What? Smudge, what smudge? Hey, you’re right, smack dab right in the middle of the picture! Now what kind of dirty dog would do such a thing to a stunning image such as this? Okay, okay; Arf Arf!! Truth is I marked it up like to stress a point. (Don’t worry, this is a copy of the original; I wish to make a point but I’m not crazy; at least I hope!) This is a visual I’ve used many times over to explain my main point. Usually, I start with a clean picture of beauty such as this one, asking the individual admiring it to take it the full magnificence of what they are seeing. While their gaze is fixed intently on the vision before them I’ll pull out a marker and quickly place a mar on the picture. Of course there is startled surprise at what just happened, but something else happens, each and every time. No longer are the eyes drawn to the beauty that fills the depiction before them; their gaze is magnetically pulled to the tarnish on the illustration. No matter how large the splendor of the picture remains or how small the blemish is, the fact remains that the eye goes first to the fault, the imperfection. Okay, has everyone figured out where the Gray One is headed? If so I guess I can stop right here; Nah!!!

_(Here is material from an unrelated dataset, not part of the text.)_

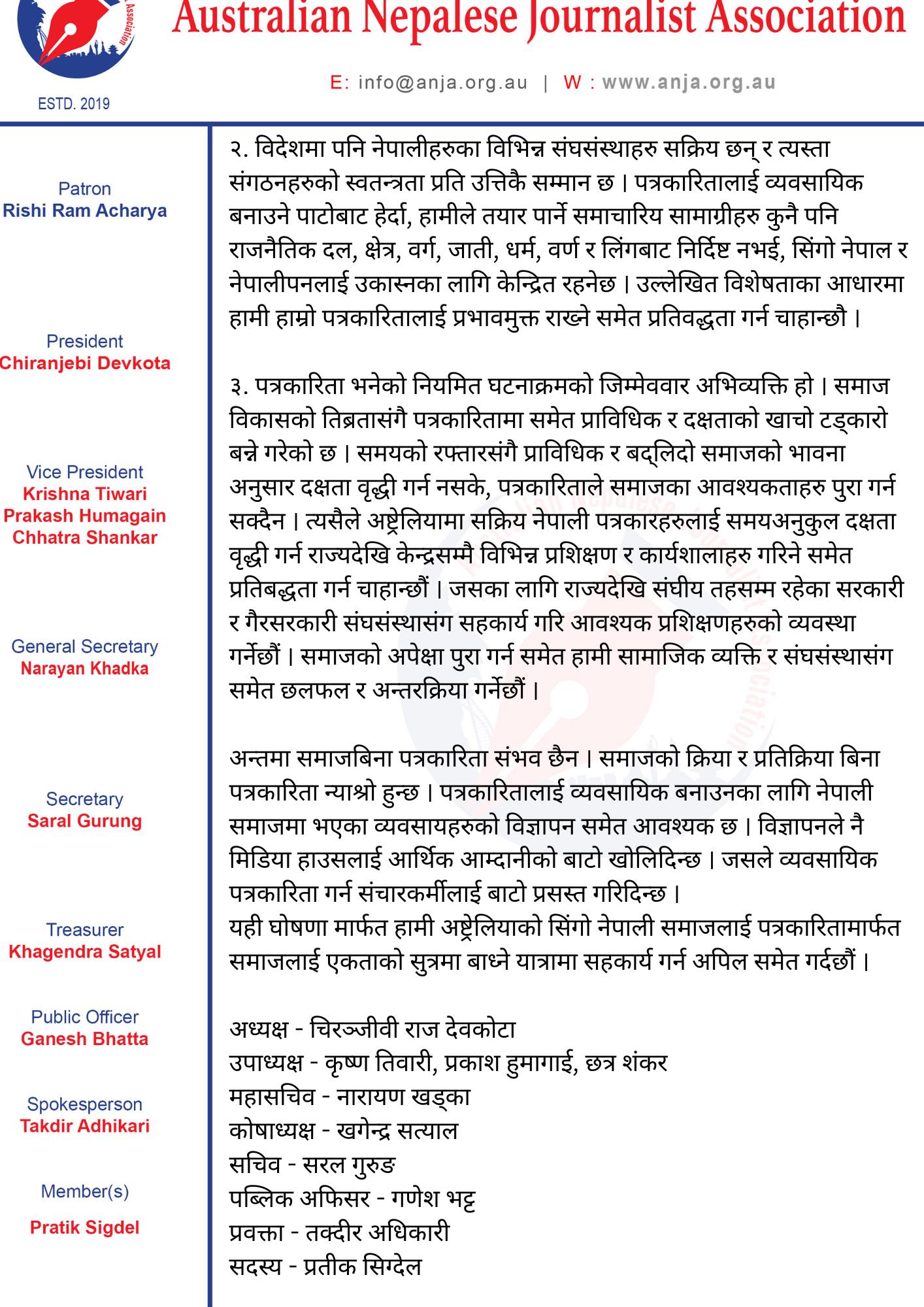 ३. पत्रकारिता भनेको नियमित घटनाक्रमको जिम्मेववार अभिव्यक्ति हो । समाज विकासको तिब्रतासंगै पत्रकारितामा समेत प्राविधिक र दक्षताको खाचो टड्कारो बन्ने गरेको छ । समयको रफ्तारसंगै प्राविधिक र बद्लिदो समाजको भावना अनुसार दक्षता वृद्धी गर्न नसके, पत्रकारिताले समाजका आवश्यकताहरु पुरा गर्न सक्दैन । त्यसैले अष्ट्रेलियामा सक्रिय नेपाली पत्रकारहरुलाई समयअनुकुल दक्षता वृद्धी गर्न राज्यदेखि केन्द्रसम्मै विभिन्न प्रशिक्षण र कार्यशालाहरु गरिने समेत प्रतिबद्धता गर्न चाहान्छौं । जसका लागि राज्यदेखि संघीय तहसम्म रहेका सरकारी र गैरसरकारी संघसंस्थासंग सहकार्य गरि आवश्यक प्रशिक्षणहरुको व्यवस्था गर्नेछौं । समाजको अपेक्षा पुरा गर्न समेत हामी सामाजिक व्यक्ति र संघसंस्थासंग समेत छलफल र अन्तरक्रिया गर्नेछौं ।

In every single person’s life there is a blemish, a mar, an imperfection. For some it’s a matter that they’ve dealt with for their entire existence; for others its something that’s happened to them later on in years that’s brought the proverbial dent to the side of their mental, physical, or emotional being. I remember a time I had played the largest musical gig of my life with the biggest name that I came to know personally in the industry. This man was living on Cloud 9 and had never felt such jubilation about my craft; I just knew I was on the way to living my musical dream. Two weeks later I was replaced by another drummer. The reason given was, “You’re just not good enough for what we need, kid–maybe later.” That comment was enough for me to take a knife and slash all the heads on my drum kit, then throw them in the closet and not look at them for a long time. I was not good enough (truthfully) for what they needed in that band; but that didn’t mean I wasn’t good enough for music and the beauty and happiness it brought and continues to do so.
The amount of folks I’ve encountered over the years who find so little happiness from being blinded by the “blotch” is staggering, but I could also go on forever giving examples of unpleasant situations and the people I know who overcame the “blotch” and have learned to bask in the beauty around them, to discover what Max Lucado puts this way when expressing how God see us; “Remember, you are special because I made you. And I don’t make mistakes.”
Today, if you cannot erase that blotch you live with then, at least, make the effort not to let it cover of the full picture of splendor around you and in you. You are such an awesome, special person!!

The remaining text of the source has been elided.